• Stored data

=== Begin Enclosure ===

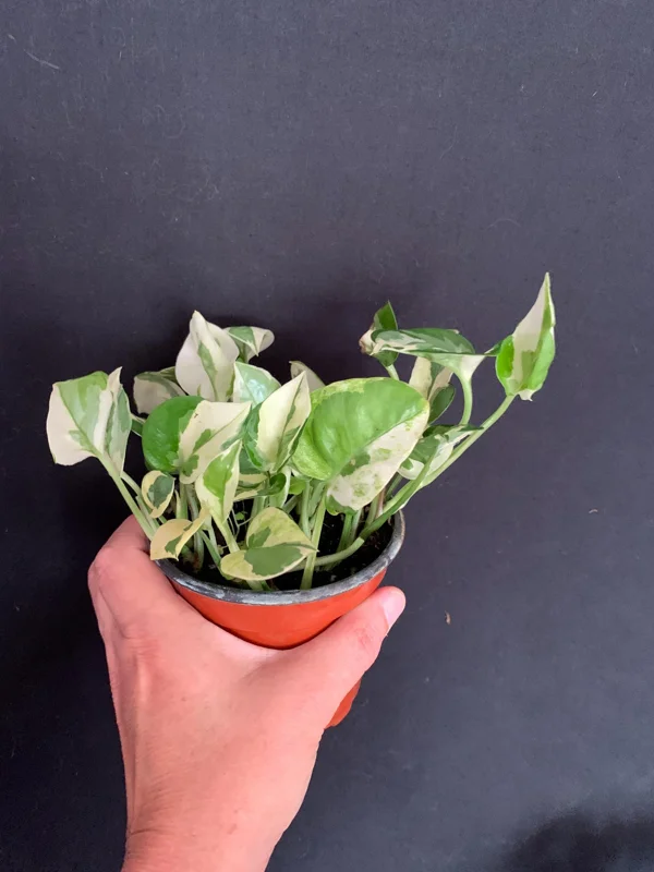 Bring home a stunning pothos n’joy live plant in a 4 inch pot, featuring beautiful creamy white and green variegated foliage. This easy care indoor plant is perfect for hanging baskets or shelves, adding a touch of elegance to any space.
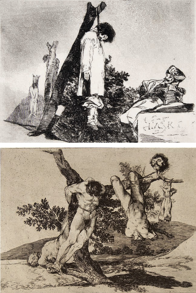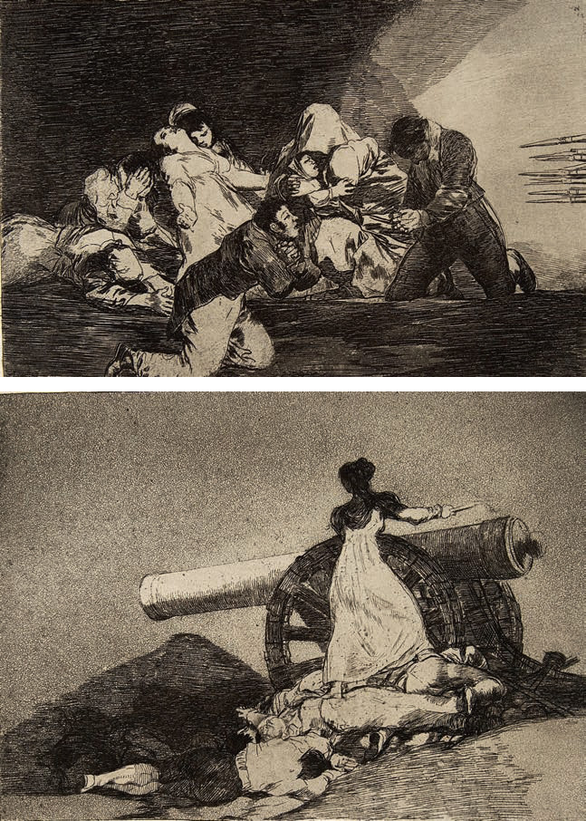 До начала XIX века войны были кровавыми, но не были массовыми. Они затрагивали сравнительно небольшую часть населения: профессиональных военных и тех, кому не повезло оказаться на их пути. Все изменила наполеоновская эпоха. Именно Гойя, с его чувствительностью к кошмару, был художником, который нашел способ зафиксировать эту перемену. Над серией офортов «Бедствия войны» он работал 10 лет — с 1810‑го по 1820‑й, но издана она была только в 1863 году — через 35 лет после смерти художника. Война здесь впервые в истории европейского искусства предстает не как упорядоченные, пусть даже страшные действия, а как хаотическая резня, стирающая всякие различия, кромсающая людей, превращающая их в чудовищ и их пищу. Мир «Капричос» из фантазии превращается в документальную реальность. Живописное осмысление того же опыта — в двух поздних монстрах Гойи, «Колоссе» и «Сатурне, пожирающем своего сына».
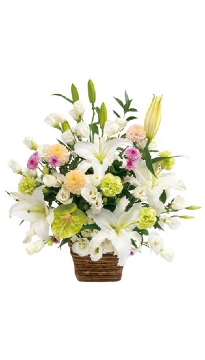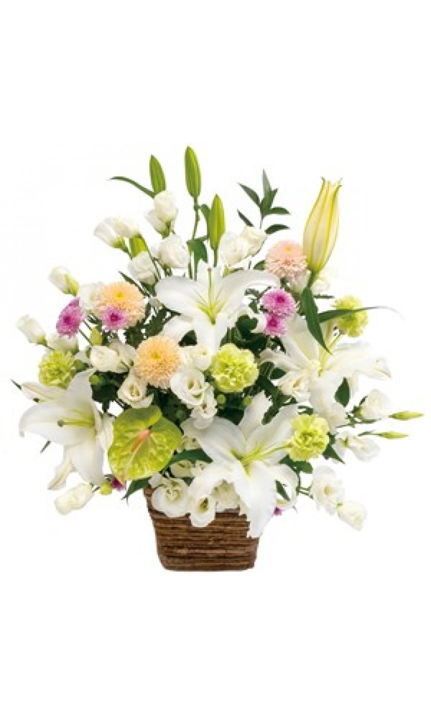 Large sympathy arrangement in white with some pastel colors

=== End Enclosure ===

• To do
Reproduce the data in full. Do not carry over any picture.

• Result for this task
 Bring home a stunning pothos n’joy live plant in a 4 inch pot, featuring beautiful creamy white and green variegated foliage. This easy care indoor plant is perfect for hanging baskets or shelves, adding a touch of elegance to any space.
 До начала XIX века войны были кровавыми, но не были массовыми. Они затрагивали сравнительно небольшую часть населения: профессиональных военных и тех, кому не повезло оказаться на их пути. Все изменила наполеоновская эпоха. Именно Гойя, с его чувствительностью к кошмару, был художником, который нашел способ зафиксировать эту перемену. Над серией офортов «Бедствия войны» он работал 10 лет — с 1810‑го по 1820‑й, но издана она была только в 1863 году — через 35 лет после смерти художника. Война здесь впервые в истории европейского искусства предстает не как упорядоченные, пусть даже страшные действия, а как хаотическая резня, стирающая всякие различия, кромсающая людей, превращающая их в чудовищ и их пищу. Мир «Капричос» из фантазии превращается в документальную реальность. Живописное осмысление того же опыта — в двух поздних монстрах Гойи, «Колоссе» и «Сатурне, пожирающем своего сына».
 Large sympathy arrangement in white with some pastel colors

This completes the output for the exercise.